Will someone please explain to me why this isn’t unmitigated awfulness?! I’m watching this and thinking logically “Who on earth is going to vote for this crap?” – then I remember Scooch and all the other shit that has gone before. I really really hope this falls flat on its arse.
There is nothing redeeming about six elderly women on stage singing the same riff for three minutes. I know people will tell me it should do well, and people that ought to know better love this song….
And yet, I am seeing it as a pathetic, sad attempt to “be funny” – It’s as funny as anal warts.
As someone who’s had anal warts, I can confirm that the nans are fuppin’ boss!
It’s not supposed to be funny, it’s called charm, sir. The bucket was clearly leaking the day they offered that round in Stoke…
Charm my arse. They invite a global audience of 400 people to their party and they make ONE pie.

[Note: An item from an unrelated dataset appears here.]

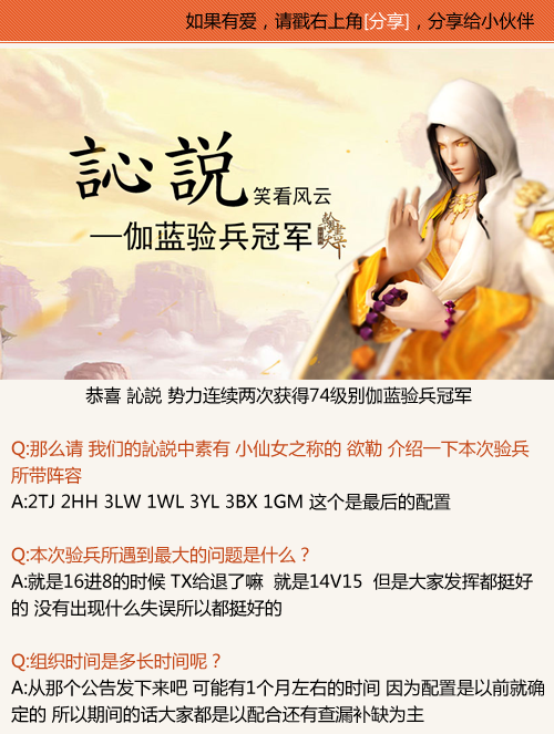 [翰书天下·冠军采访]恭喜訫説蝉联74伽蓝验兵冠军!!

That’s rude, and it’s woefully poor planning.
Fortunately, the Farmhouse Kitchen Party Cookbook is still available in all good bookstores for just £1.95, or you can order your copy from Yorkshire Television at the usual address.
Well that god bloke did OK with a couple of buns, and there’s six of this lot!
Well that god bloke did OK with a couple of buns, and there’s six of this lot!
I had an anal wart once. His name was Stephen. He ended up doing stand-up at the Edinburgh fringe. A very funny wart. I miss him.
I’ve said it before, and I’ll say it again, say it, this is the kind of pish that Antoine de Caunes was pointing at and laughing at on Eurotrash on Channel 4 in the nineties.
However, if Verka Seduchka can come second, then anything is possible!!